A first step in data analyis is to identify the right data set that may contain the solution to our question/problem.

For that, one needs

  • an understanding of the field that the question address (field expertise), so that we can gather relevant data,
  • an understanding of the type of data our question/problem requires.

Statistics gives an abstract framework to identify the type of data or form of the data required by the question/problem. Field expertise and intuition is very important though, since, even though the type of data may be the right one to feed the type of analysis required by our problem, the actual data content may not be relevant, or may lack important variables relevant to the problem.

Field expertise (or sometimes good judgement) may help you identify the relevant population to study and the relevant variables to consider, as well as the relevant time-scale for the observations, as we will see below.

In the next section, we will give concrete examples and more details on what is meant by type of data.

Data Analysis: Question/Problem $\longrightarrow$ type of data needed

Field expertise: type of data needed $\longrightarrow$ right data set for the problem

The second step is to infer from the question/problem and from the relevant data set which type of data analysis needs to be performed to solve the problem.

Only when

  • the question/problem has been defined

  • the ideal data set has been determined

  • the right data analysis method has been specified

the concrete data analyis process can began.

Identifying this three components (question/problem, ideal data set, right analysis type) will be the bulk of your class project prospectus.

Remark: Even if the question/data set/data analysis first considered may evolve some upon exploration of the actual gathered data, you should have a clear understanding of these three points, before starting the analysis.

Randomly taking a data set and analysing it without concrete purpose or angle provided by a thought out question is a recipe for disaster.

The prospectus is there to gard you from this danger.

The actual data anlysis process goes as follows:

  • data gathering: Collect raw data from various source data sources containing the information necessary to build your ideal data set (or the best approximation you can)
  • data exploration: Look at all the data collected, check for value integrity, look for defective/aberant values, isolate the good data, and disgard the rest
  • data cleaning: From the raw data collected build the clean data set (as close as possible to the ideal one) on which you'll perform data anlysis
  • data analysis: Apply the right data analyisis on your clean data set to answer your question, or solve your problem
  • result delivery: From you analysis create a data visualization that answers your question if possible, or write up an algorithm that solves your problem.
  • data report delivery: Write a report restating clearly your question/problem, giving you data sources and analysis methods, and comments on the accuracy of your results.

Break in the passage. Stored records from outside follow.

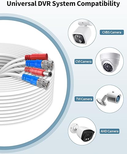 《UNIVERSAL COMPATIBILITY》This security cable extension is compatible with all DVR and CCTV systems, supporting AHD, CVI, and TVI analog HD formats at every resolution (960H/1080p/3MP/5MP) for easy plug-and-play setup.
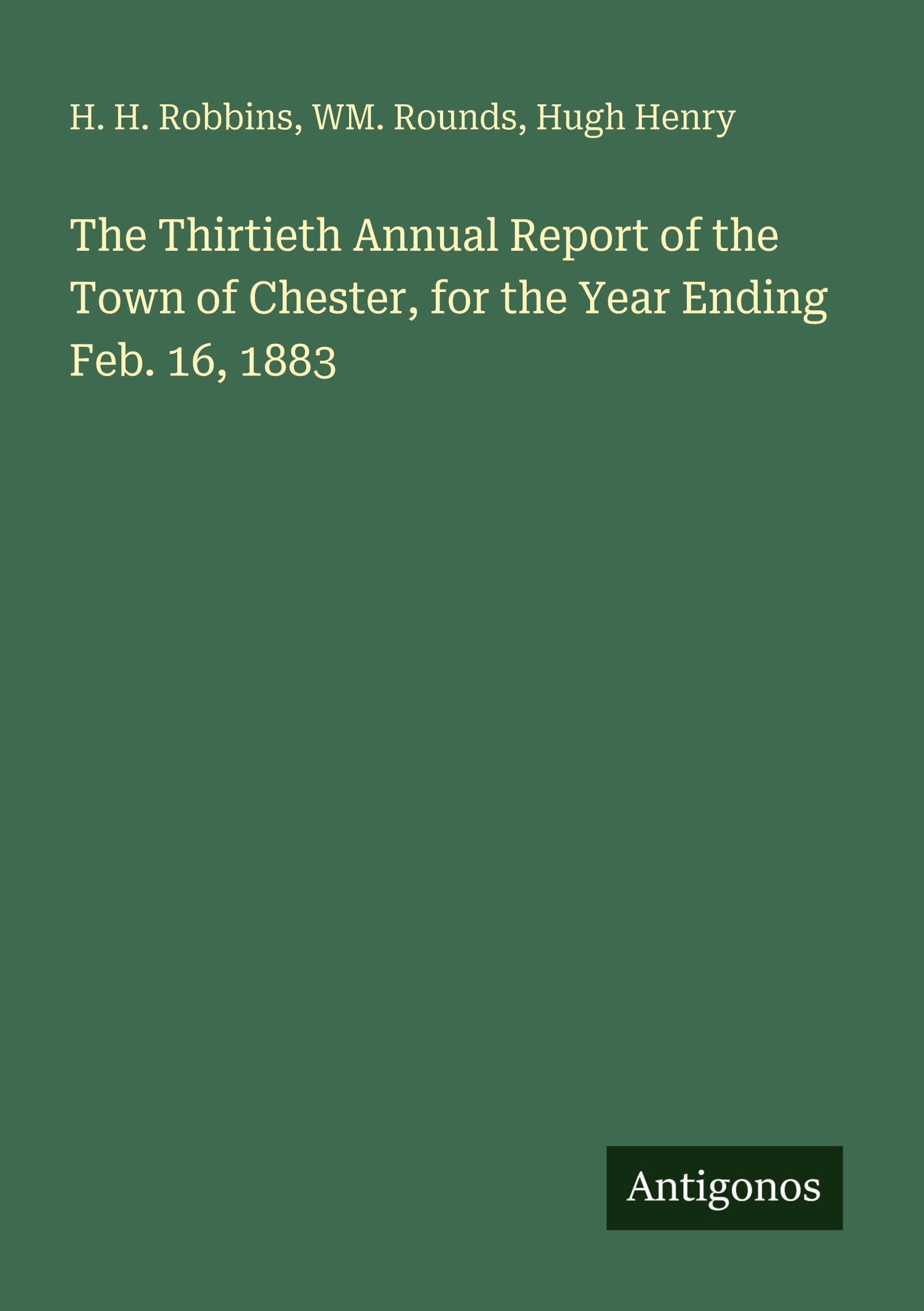 H. H. Robbins: The Thirtieth Annual Report of the Town of Chester, for the Year Ending Feb. 16, 1883, Kartoniert / Broschiert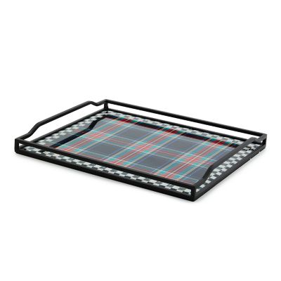 Make any room more stylish with this tray, featuring black tartan and checks printed under glass and trimmed with powder-coated metal rim and handles.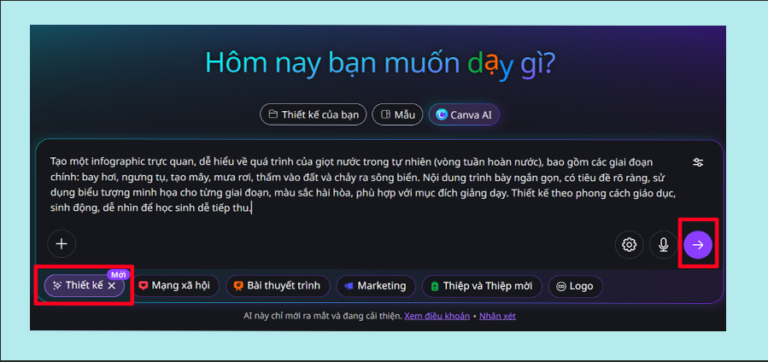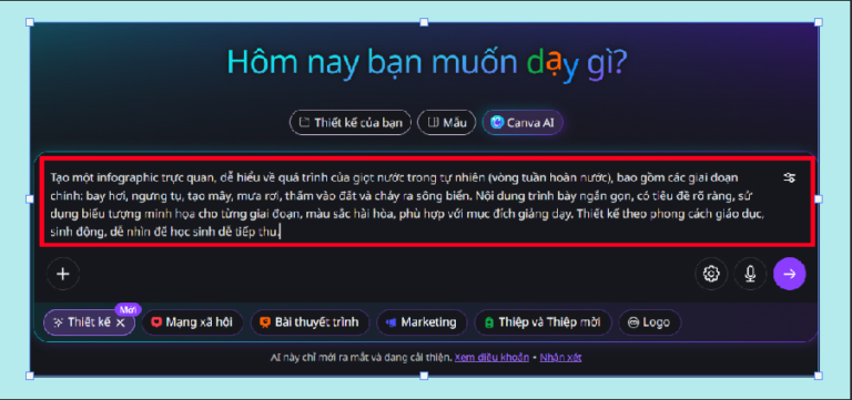 - Viết câu lệnh hoàn chỉnh, rõ ràng để Canva AI dễ hiểu và tạo đúng nội dung.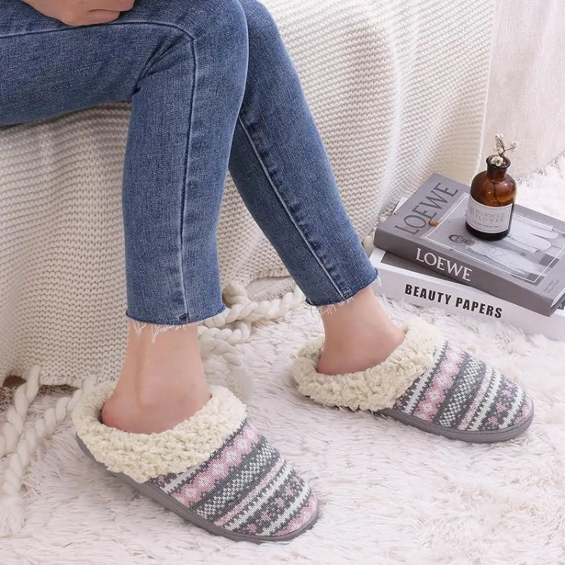 Dotées d’une doublure intérieure en fourrure et coton, ces pantoufles enveloppent entièrement le pied pour maintenir une température agréable même par temps froid. La matière douce et épaisse procure une sensation de bien-être immédiate, idéale pour se détendre après une longue journée. Ces pantoufles d’intérieur plates tricotées combinent souplesse et légèreté pour un confort optimal au quotidien.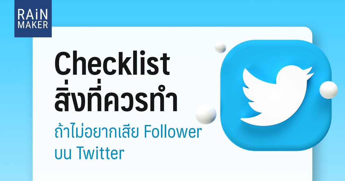 ยอด Follower ไม่ใช่ทั้งหมด แต่ก็เป็นค่านึงที่สามารถใช้วัดผลได้ว่าแอคเคานต์และคอนเทนต์ของเรามีการพัฒนาขึ้นหรือไม่ เพราะฉะนั้นการมียอดผู้ติดตามในจำนวนนึงที่อยู่กับเราก็นับจุดเริ่มต้นที่ดีในการจะต่อยอดทำกิจกรรมอื่นๆ ซึ่งหลายคนอาจกังวลว่าแล้วจะรักษายอด Follower บน Twitter ยังไงดีล่ะ วันนี้ RAiNMaker เลยทำ Checklist มาให้ทุกคนลองเช็กกันว่าเราได้ทำในสิ่งที่ควรทำเพื่อรักษายอดผู้ติดตามไว้หรือยัง มีอะไรบ้างไปรีบเช็กกันเลยดีกว่า!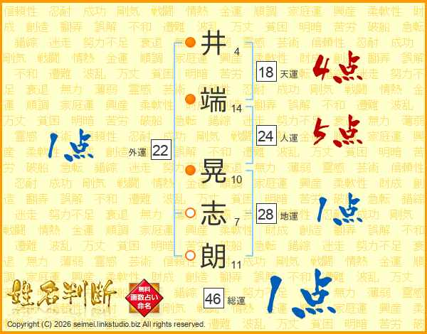 井(4画)端(14画) 晃(10画)志(7画)朗(11画)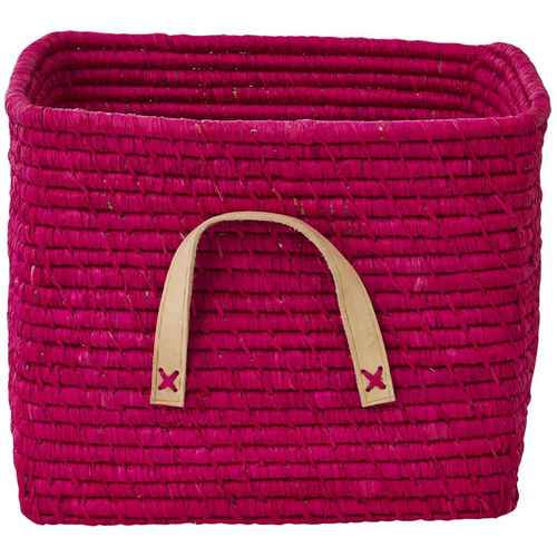 Rice Raffia Korb - Quadratisch - Ledergriffen - Fuchsia - Klein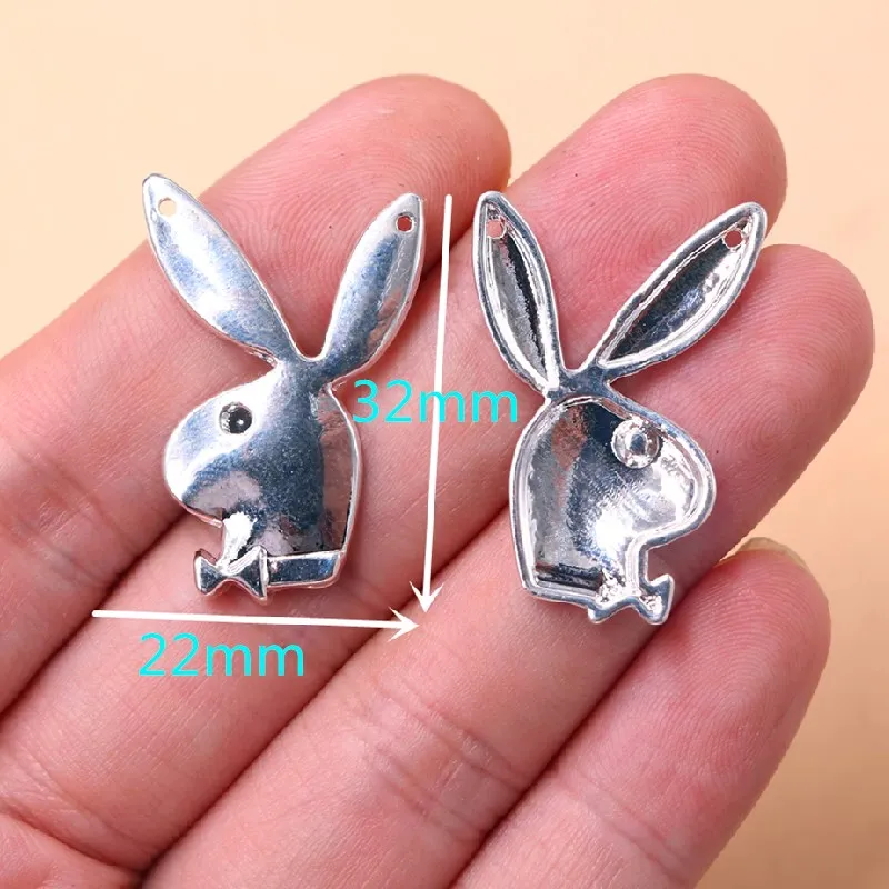 6 шт. Экологичное покрытие милый длинный Ушастый кролик двойное отверстие металлический кулон DIY Подвески ожерелье серьги ювелирное ремесло изготовление A1250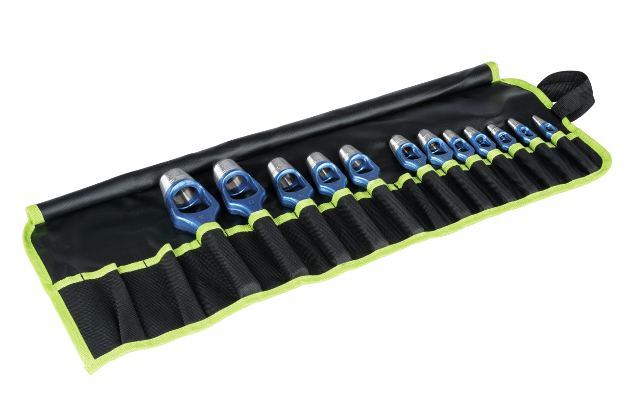The 9-piece set of hole punches with different diameters is used for punching holes or creating seals and sealing rings from rubber, leather, felt, plastic, cork, as well as various fabrics. The short hollow cylinder is sharply cut at the bottom edge. The conical punch head is attached to two supports, resulting in a dual recess. Thanks to the particularly sturdy design of the hole punches, a wide variety of materials can be processed. The practical roll-up bag made of plastic provides maximum organization and is also ideal for transport.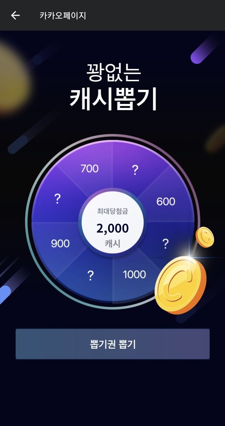 1-5. 이벤트 캐시 : 멜론 100원 프로모션으로 카카오페이지 만 캐시를 주거나, 캐시 사용하면 캐시백 해주는 등의 이벤트로 얻는 캐시. 출석하면 주는 캐시 이벤트(캐시 뽑기권을 지급함)도 있다.

In the rest of this lecture, we learn how to recognize

  • the ideal data set
  • the right analysis type

to answer your question, or solve your problem.

Doing so will also be your main goal, while writing your class project prospectus.

In the coming lectures, we will discuss in details every steps of the actual data analysis process, using R. For now, here are some videos concerning the other steps of the data anlysis process, if you can not wait:

Gathering Data:

Exploring Data:

Cleaning Data:

Analysing Data:

The 3 dimensions of Data: Population, Variables, and Time

The population and the variable dimensions

So far, we saw that statistical analysis is based on two main objects:

  • A set $\Omega$ representing the population under study
  • A subset $F$ of functions on $\Omega$ representing the population characteristics we are interested in.

Depending on the field both $O$ and $F$ have different names:

Example: A class professor can decide to perform a data anlysis on its class students. In this case, the population under study $\Omega$ will most probably be the set of all the students in the class. Depending on the questions the professor is asking himself about his class, different characteristics or variables may be considered.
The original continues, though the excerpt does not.